Records contained in a dataset
####################

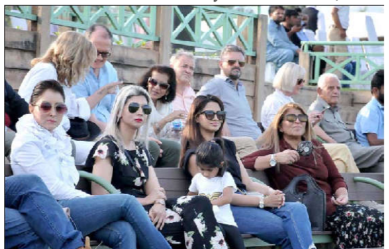
ISLAMABAD: Spectators watching final of Junior Polo Exhibition Match played between Islamabad Club Junior and Dubai Polo and Equestrian Club Junior teams at Islamabad Club Polo Ground.

The Minister said that plastic waste finds its way into our soil and waterways, and each year, an estimated 3.3 million tonnes of plastics are wasted in Pakistan, equal to the height of two K-2 mountains.
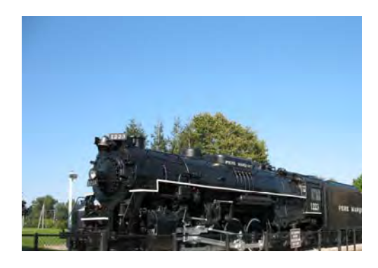
N. Harbor Drive, Grand Haven Shay Locomotive

The Shay Locomotive was built in 1882 and served the Cutler and Savidge Lumber Company.
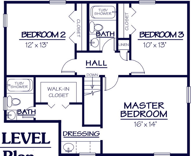
UPPER LEVEL Floor Plan

Rarely does a floor plan match as equally well with a traditional elevation as a contemporary elevation. However, with the Countryside, Plan# 2168, either elevation works equally as well. The openness of the Kitchen, Dining area, and Lounge creates a touch of informality to this home, much desired by today's families. The bar, desk, pantry and laundry room enhance this very functional plan. The Great Room adds the flair of a sunken floor and vaulted ceiling along with a beautiful fireplace. Another nice touch is the cozy dressing area off the Master Bedroom. The contemporary version has openings that look directly into the Great Room from the Master Bedroom. This home also offers the flexibility of a fourth Bedroom, study, library, or sewing/craft room on the lower level. All these features make the Countryside one of the true classics developed at Timber Truss.
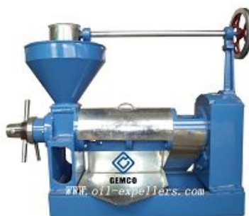
Performance Index (Hot extruding) YZS-80 (5.5kw)
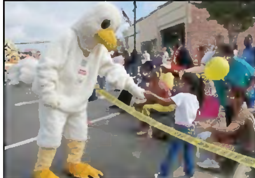
Clockwise from top: The Hoke High Band performs at the Festival review stand; the Turkey meets his (her?) public; seniors ride Senior Services float.
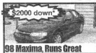
98 Maxima, Runs Great
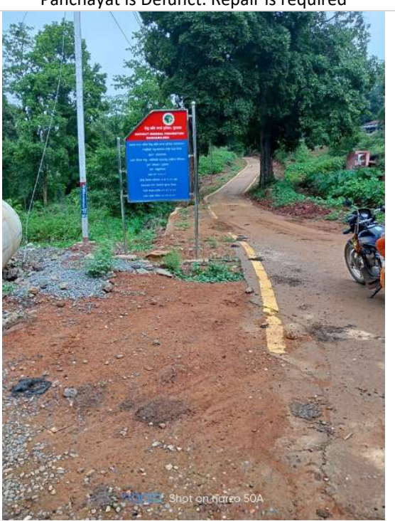
Construction Of road & CD work from Tentulikhunti to Uskela (Lahunipada) is incomplete.
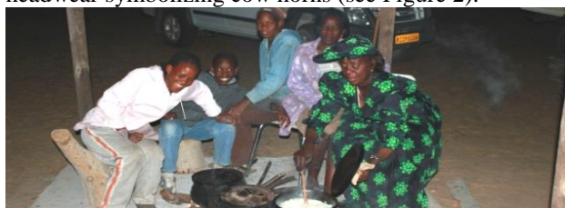
Figure 2 - Traditional headwear and Victorian inspired dress.

Erindi-roukambe is a small village located in the Kalahari Desert in the East of Namibia. At first sight, we observe that the people in the village, have evident colonial adaptations from Victorian times, such as the clothes, but yet they remain tightly bound to indigenous traditions. E.g. the women wear Victorian inspired dresses, but also headwear symbolizing cow horns (see Figure 2).
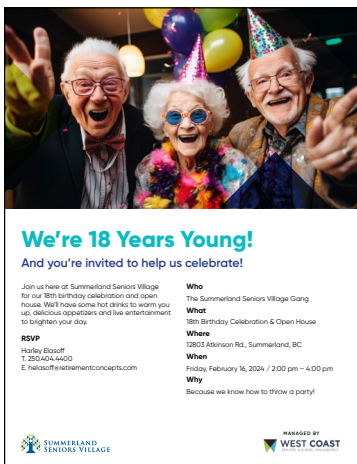
Anniversary Open House Summerland Seniors Village
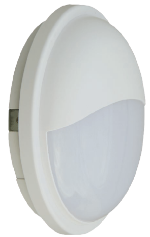
BULK16 & 18
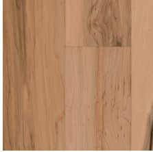
Maple - Natural 6-1/2" EMHG75L03S
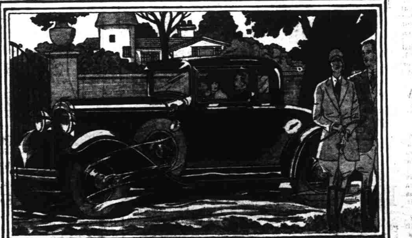
The new Dodge Motor pieces bodies are not only sleek proof, they're lovely to see! Here is the de luxe Coupe, with wire wheels.

In the new Dodge Six motor the combustion chambers are fully machined to make compression uniform. When the car maker takes so much care it seems shameful to use an oil that builds up rough layers of damaging, gritty carbon inside. You needn't use such an oil any more.
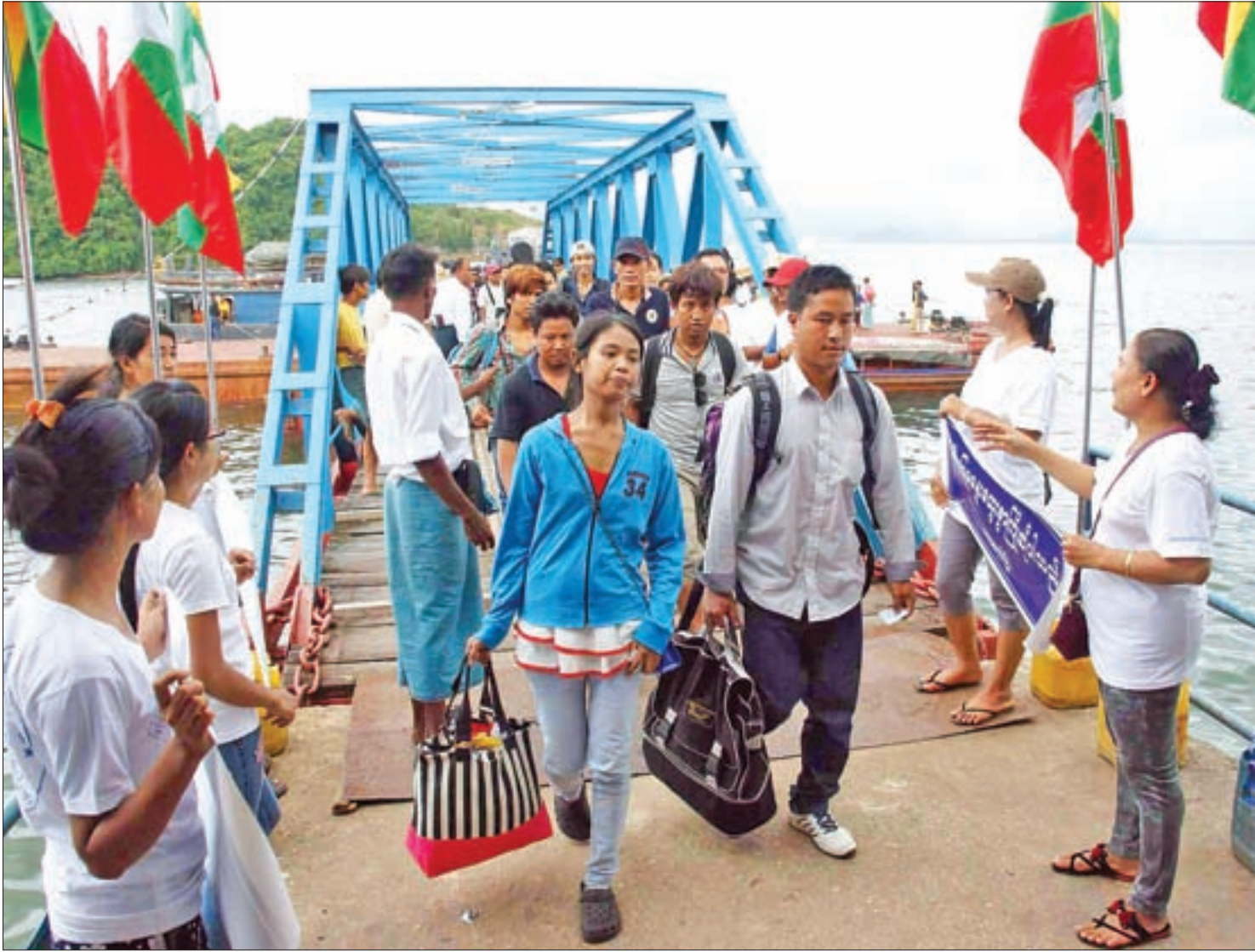
Migrant workers are welcomed by volunteers as they arrive in Kawthoung on the Thai-Myanmar border.
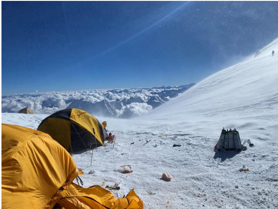
Manaslu Camp 4
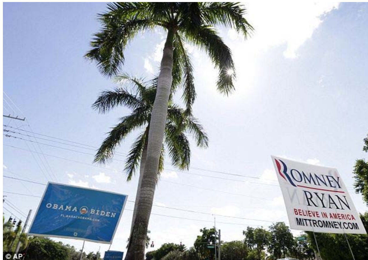
Head to head: Campaign signs are seen in a median in front of Lynn University, the site of Monday's presidential debate

Obama pushed for the tax cut in late 2010 as a way to increase workers' take-home pay to help boost consumer spending and provide a spark for the economy.
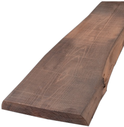
Bouls Black Locust steamed 40 mm
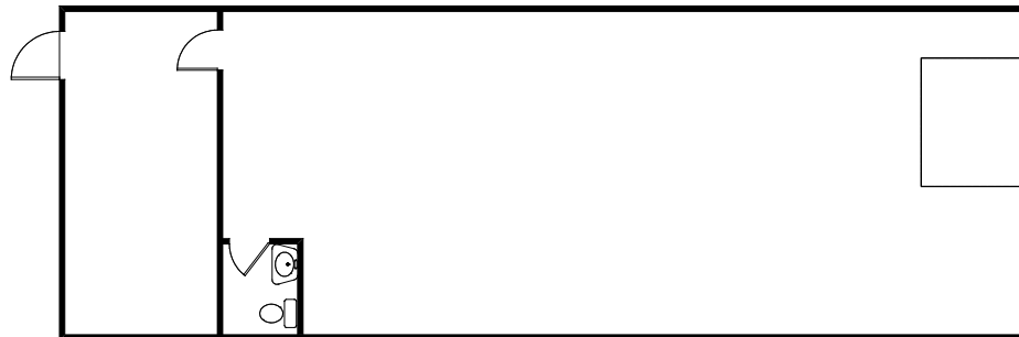
TYPICAL SUITE FLOOR PLAN
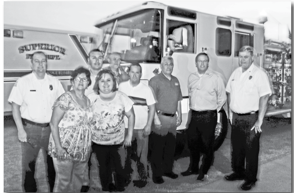
The Superior Town Council accepted the donation of a firetruck from the City of Mesa.

####################

**The task**
Determine how many lines of the records above hold the word "Locomotive" and give the number with nothing added.

**Written answer**
2